▸ SUPPLIED INFORMATION:

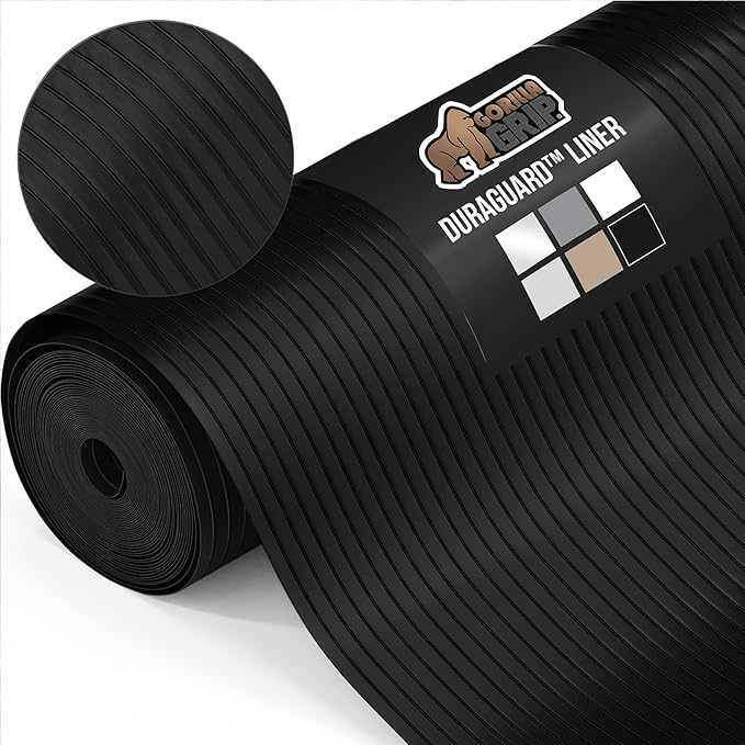 GORILLA GRIP DuraGuard Shelf Liner, Non-Adhesive Cabinet Liners for Kitchen Drawers, Shelves, Refrigerator, Pantry Storage, Bathroom Closet, Durable Waterproof BPA Free Ribbed Plastic, 12x20 Jet Black
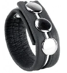 Ce cockring en cuir est proposé par la marque The Red. Il est conçu avec un cuir noir et une ligne rouge centrale.
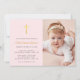 Invitación Cruce de oro falso simple Baptismo de foto rosa
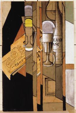 《杯子、報(bào)紙和酒瓶》 胡安-格里斯 1913年
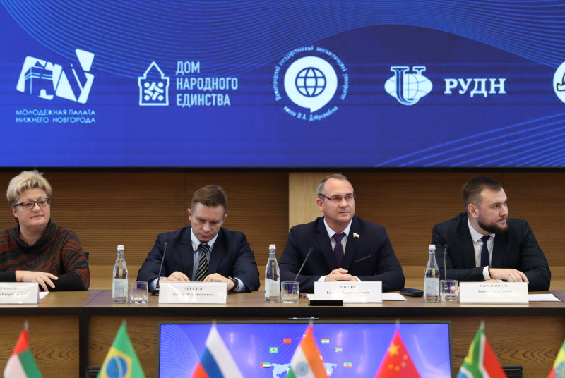 На мероприятии, организованном в рамках председательства России в БРИКС НГЛУ им.Н.А.Добролюбова и Молодежной палатой при городской Думе, с участием администрации города, Центра общественных связей Нижегородского дома народного единства, Российского университета дружбы народов, Ассоциации иностранных студентов России, Филиала Молодежной платформы для стран ШОС SСOLAR Network, присутствовали представители регионального министерства внутренней региональной и муниципальной политики, профильных департаментов администрации города, члены Совета молодых дипломатов МИД России, российские и зарубежные специалисты в области международных отношений и студенты.
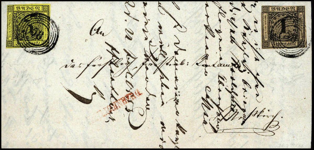 | Zusatzinformationen und Suchstichworte: | Württembergisches Auktionshaus 142. Versteigerung 23.-24. Juni 2023 Los 1425 Altdeutschland Baden 1 Kr. mit 3 Kr. a. gelb, vorzüglich frische 4-Kr.-Bestellgeld-Frankatur, üblich geschnitten, auf blauem Brief nach Messkirch, zwei sauber aufges. Stempel "58" und roter Aufgabe-L1 HEILIGENBERG. Ein interessanter Brief, Fotoattest Stegmüller BPP ("Ursprüngliches Ganzstück mit seltener Stempelkombination"). Zuschlag 1.100,00 EUR |

▸ WHAT IS REQUIRED: Your output must match the records word for word, apart from the images, which are left out.

▸ REPLY TO THE EXERCISE:
 GORILLA GRIP DuraGuard Shelf Liner, Non-Adhesive Cabinet Liners for Kitchen Drawers, Shelves, Refrigerator, Pantry Storage, Bathroom Closet, Durable Waterproof BPA Free Ribbed Plastic, 12x20 Jet Black
 Ce cockring en cuir est proposé par la marque The Red. Il est conçu avec un cuir noir et une ligne rouge centrale.
 Invitación Cruce de oro falso simple Baptismo de foto rosa
 《杯子、報(bào)紙和酒瓶》 胡安-格里斯 1913年
 На мероприятии, организованном в рамках председательства России в БРИКС НГЛУ им.Н.А.Добролюбова и Молодежной палатой при городской Думе, с участием администрации города, Центра общественных связей Нижегородского дома народного единства, Российского университета дружбы народов, Ассоциации иностранных студентов России, Филиала Молодежной платформы для стран ШОС SСOLAR Network, присутствовали представители регионального министерства внутренней региональной и муниципальной политики, профильных департаментов администрации города, члены Совета молодых дипломатов МИД России, российские и зарубежные специалисты в области международных отношений и студенты.
 | Zusatzinformationen und Suchstichworte: | Württembergisches Auktionshaus 142. Versteigerung 23.-24. Juni 2023 Los 1425 Altdeutschland Baden 1 Kr. mit 3 Kr. a. gelb, vorzüglich frische 4-Kr.-Bestellgeld-Frankatur, üblich geschnitten, auf blauem Brief nach Messkirch, zwei sauber aufges. Stempel "58" und roter Aufgabe-L1 HEILIGENBERG. Ein interessanter Brief, Fotoattest Stegmüller BPP ("Ursprüngliches Ganzstück mit seltener Stempelkombination"). Zuschlag 1.100,00 EUR |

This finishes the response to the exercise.